L'ampleur du potentiel de migration de populations du Sud vers le Nord renvoie à un ensemble de 
problématiques globales et transversales. La mondialisation des inégalités et leur nette polarisation 
sont les principaux effets pervers de la domination du marché à l’échelle planétaire. Mais au-delà, si 
les contradictions sont effectivement palpables dans bien des domaines, c’est à travers la restriction à 
la libre circulation des personnes - versus la promotion de la libre circulation des marchandises et des 
capitaux - que s’exprime le plus clairement comment, selon la logique mercantile, l’humanité est au 
service de la production de biens et de profits et pas le contraire.
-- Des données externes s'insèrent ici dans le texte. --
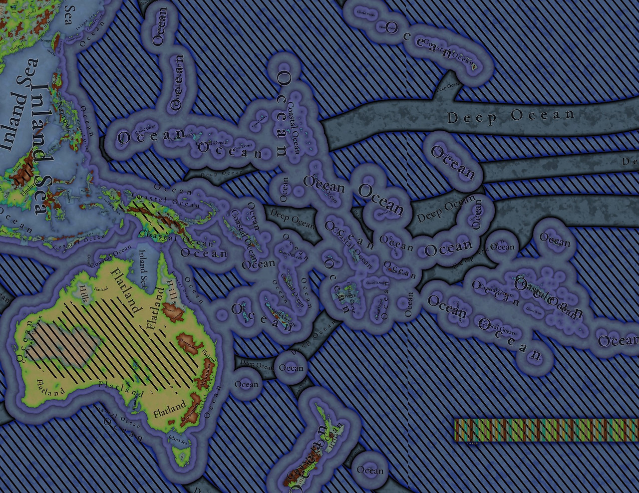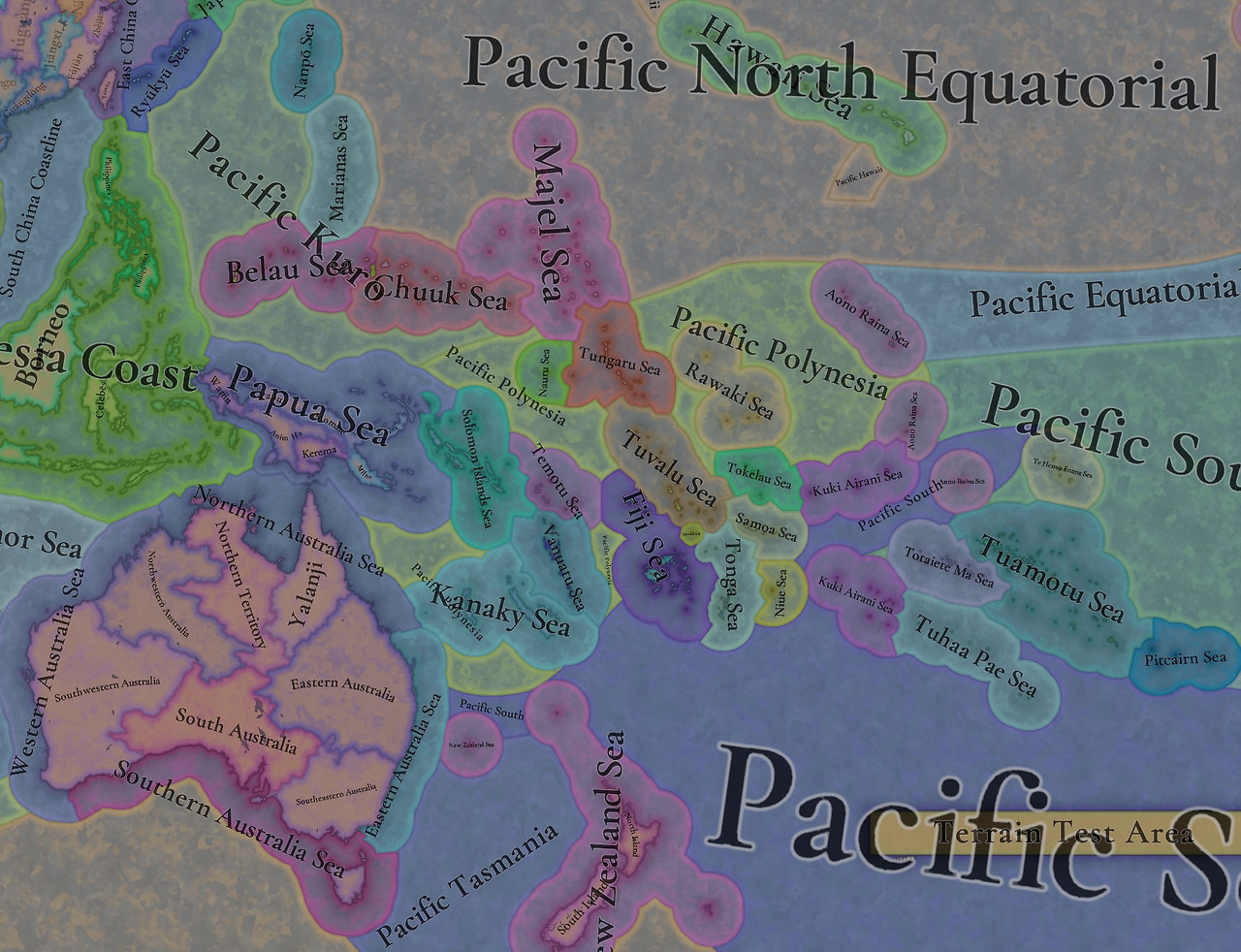 오른쪽 아래의 직사각형은 우리의 3D 디자인팀이 여러 지형을 시도해보는 '3D 테스트의 섬' 입니다.

Au Nord, l’immigration, 
principalement la clandestine, est devenue un bouc émissaire pour expliquer tous les maux sociaux et 
économiques dont souffrent ces pays. Le contrôle des flux migratoires se présente dès lors comme 
«la» politique nécessaire pour garantir le bien-être et la sécurité quotidienne et, avec ce prétexte, une 
avalanche de mesures dissuasives et de projets de lois xénophobes sont adoptés. La problématique de 
l’immigration requiert le développement d’une approche humaine, qui considère les personnes comme 
telles et non comme des accessoires nécessaires au bon fonctionnement du marché. 
 
 
Le «marché» des migrations féminines en Asie  
Maruja M.B. Asis  
 
Depuis une trentaine d’années, l’idée de voyage en Asie renvoie essentiellement aux migrations 
internationales de main-d’œuvre, vers les pays du Golfe dans les années 1970, puis à partir des années 
1980 vers les économies en expansion des Tigres asiatiques. Cette évolution a conduit au 
développement d’une migration spécifique à chaque sexe : migration masculine en réponse aux 
besoins de l’industrialisation (construction et production ; plantation en Malaisie) et migration 
féminine en réponse au déficit en personnel domestique (Hong Kong, Singapour, Malaisie, Taiwan...). 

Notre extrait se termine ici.